Fingerprint identification for stand-alone or Web solutions
VeriFinger is a fingerprint identification technology designed for biometric systems developers and integrators. The technology assures system performance with fast, reliable fingerprint matching in 1-to-1 and 1-to-many modes.
Available as a software development kit that allows development of stand-alone and Web-based solutions on Microsoft Windows, Linux, macOS, iOS and Android platforms.
Features and Capabilities
- 1500+ end-user product brands in 100+ countries used the VeriFinger algorithm over the past 23 years.
- Full NIST MINEX compliance, FpVTE and FVC awards since 2000.
- Rolled and flat fingerprint matching that is tolerant to fingerprint translation, rotation and deformation.
- Compact fingerprint template and unlimited database size.
- Available as multiplatform SDK that supports multiple scanners and multiple programming languages.
- FingerCell SDK for embedded platforms, like microcontrollers, optionally available.
- Reasonable prices, flexible licensing and free customer support.
In 1998 Neurotechnology developed VeriFinger, a fingerprint identification technology designed for biometric system integrators. Since that time, Neurotechnology has released more than 10 major and minor versions of the VeriFinger, providing most powerful fingerprint recognition algorithms to date. Numerous awards in competitions and technology evaluations, including FVC and FpVTE, have been received by VeriFinger.
The VeriFinger algorithm is based on deep neural networks and follows the commonly accepted fingerprint identification scheme, which uses a set of specific fingerprint points (minutiae) along with a number of proprietary algorithmic solutions that enhance system performance and reliability.

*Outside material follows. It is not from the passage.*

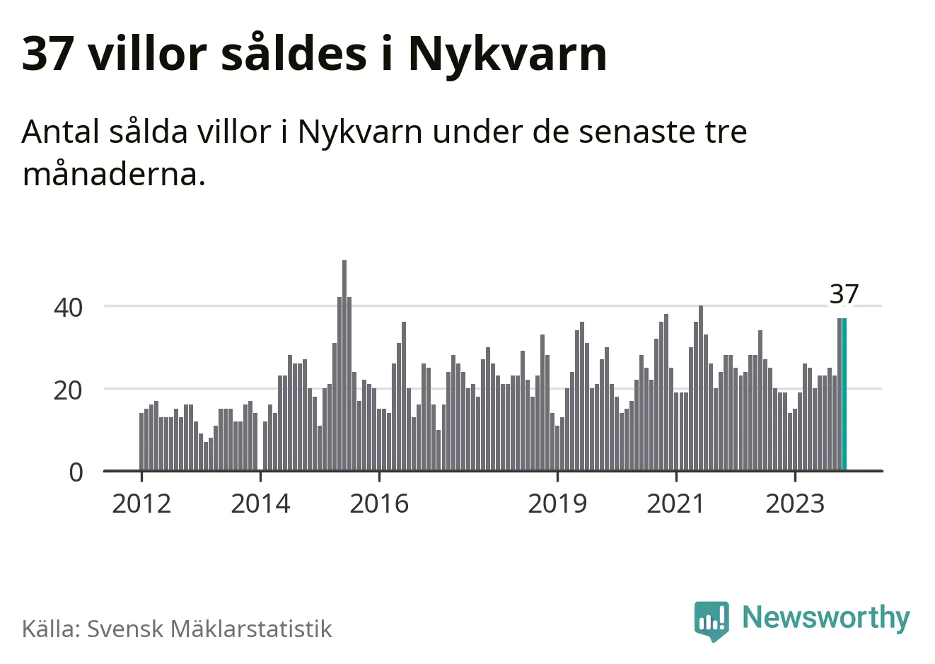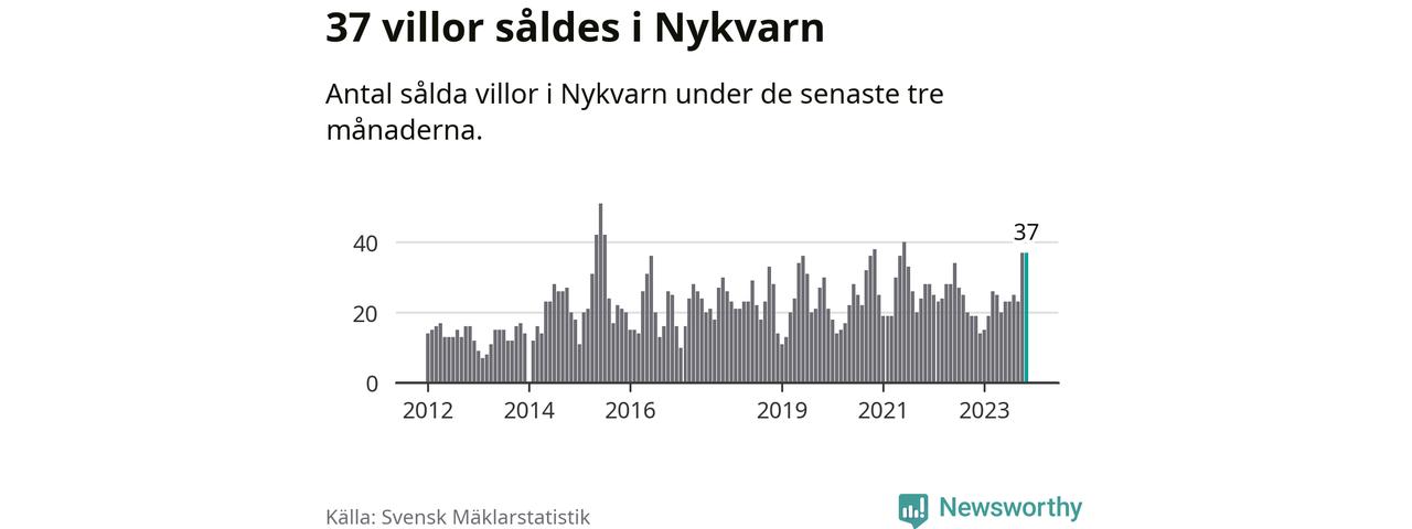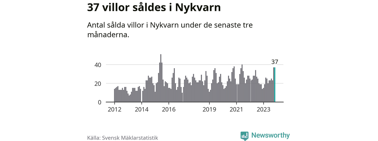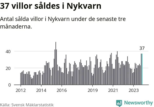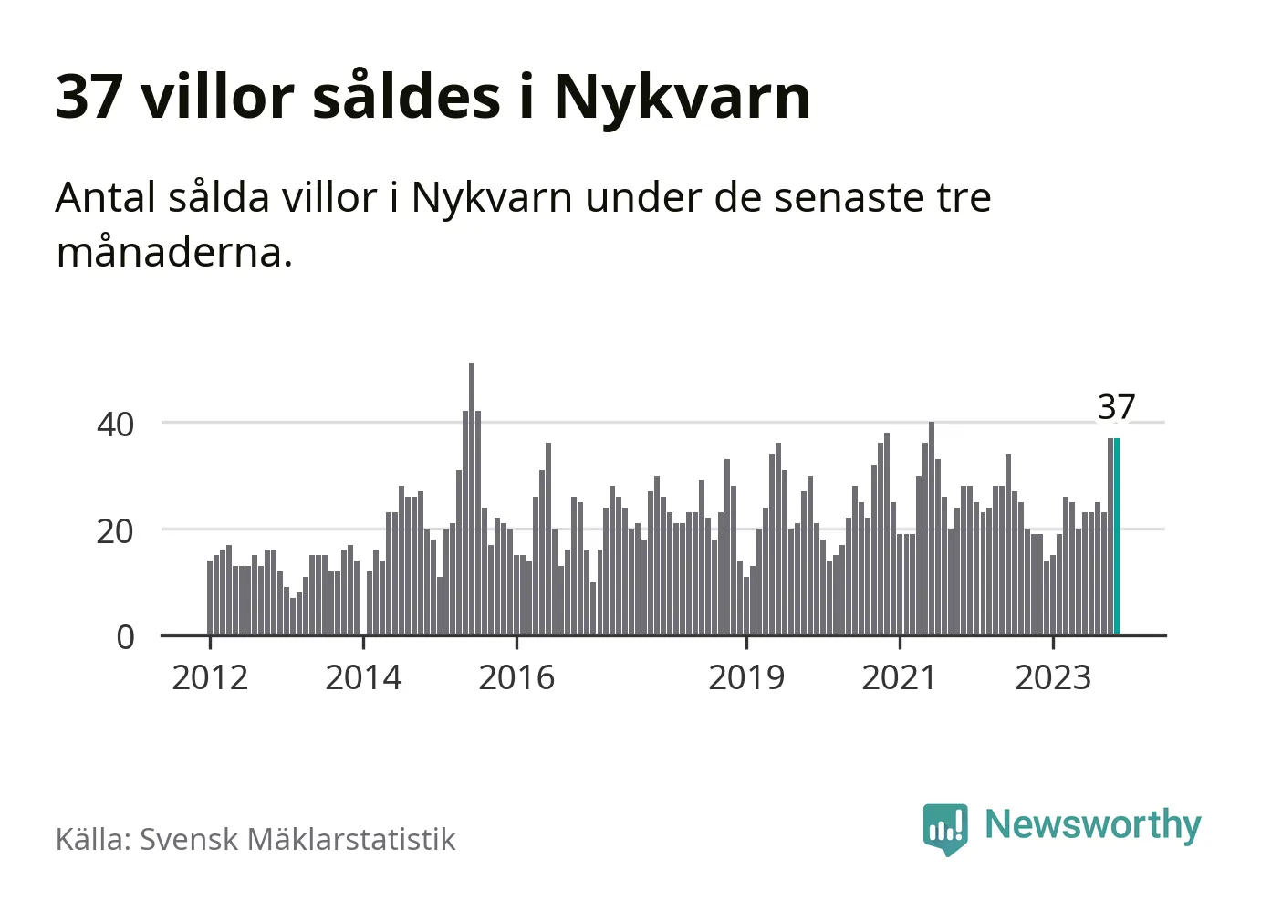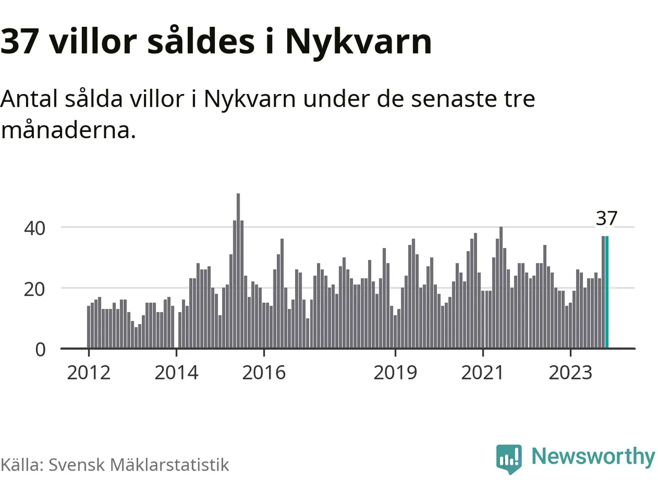 Mellan september och november såldes 37 villor i Nykvarns kommun. Det är relativt många sett till aktiviteten på bostadsmarknaden i kommunen under de senaste tolv månaderna, samt det historiska snittet för den här tiden på året.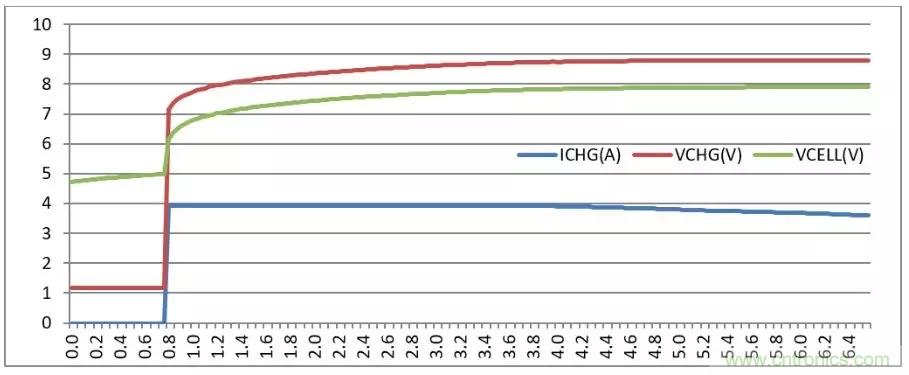 配合電量計芯片BQ28Z610,在BQ24725A的評估版上對雙節8.8V的對講機電池的第二次充電測試,記錄曲線如下圖所示,CC階段4A持續充電時間達到41分鐘,遠遠長過前一次測試的普通的充電方案。

Some are listed below:
- Rolled and flat fingerprints matching. The VeriFinger algorithm matches flat-to-rolled, flat-to-flat or rolled-to-rolled fingerprints with a high degree of reliability and accuracy, as it is tolerant to fingerprint deformations. Rolled fingerprints have much bigger deformation due to the specific scanning technique (rolling from nail to nail) than those scanned using the "flat" technique. Conventional "flat" fingerprint identification algorithms usually perform matching between flat and rolled fingerprints less reliably due to the mentioned deformations of rolled fingerprints.
- Tolerance to fingerprint translation, rotation and deformation. VeriFinger's proprietary fingerprint template matching algorithm is able to identify fingerprints even if they are rotated, translated, deformed and have only 5 - 7 similar minutiae (usually fingerprints of the same finger have 20 - 40 similar minutiae) and matches up to 40,000 flat fingerprints per second (see technical specifications for more details). Also, the matching algorithm has a special mode for the cases when some fingerprint records have incorrect resolution.
- Identification capability. VeriFinger functions can be used in 1-to-1 matching (verification), as well as 1-to-many mode (identification).
- Image quality determination. VeriFinger is able to ensure that only the best quality fingerprint template will be stored into database by using fingerprint image quality determination during enrollment.
- Spoof fingerprint detection. A deep learning based scanned fingerprint image classification is used to separate live/non-live fingerprints to detect finger presentation attack. This feature covers spoofing attempts performed with ecoflex, wood glue, latex and gelatin and is useful for fraud identification.
- Adaptive image filtration. This algorithm eliminates noises, ridge ruptures and stuck ridges for reliable minutiae extraction – even from poor quality fingerprints – with a processing time of 0.6 seconds.
- Features generalization mode. This fingerprint enrollment mode generates the collection of generalized fingerprint features from a set of fingerprints of the same finger. Each fingerprint image is processed and features are extracted. Then the features collection set is analyzed and combined into a single generalized features collection, which is written to the database. This way, the enrolled features are more reliable and the fingerprint recognition quality considerably increases.
- Compact fingerprint template. VeriFinger allows to configure the number and size of fingerprint features in a fingerprint template. Combined with unlimited database size, this capability allows to optimize target system size and performance.
- Scanner-specific algorithm optimizations. VeriFinger 12.2 includes algorithm modes that help to achieve better results for the supported fingerprint scanners.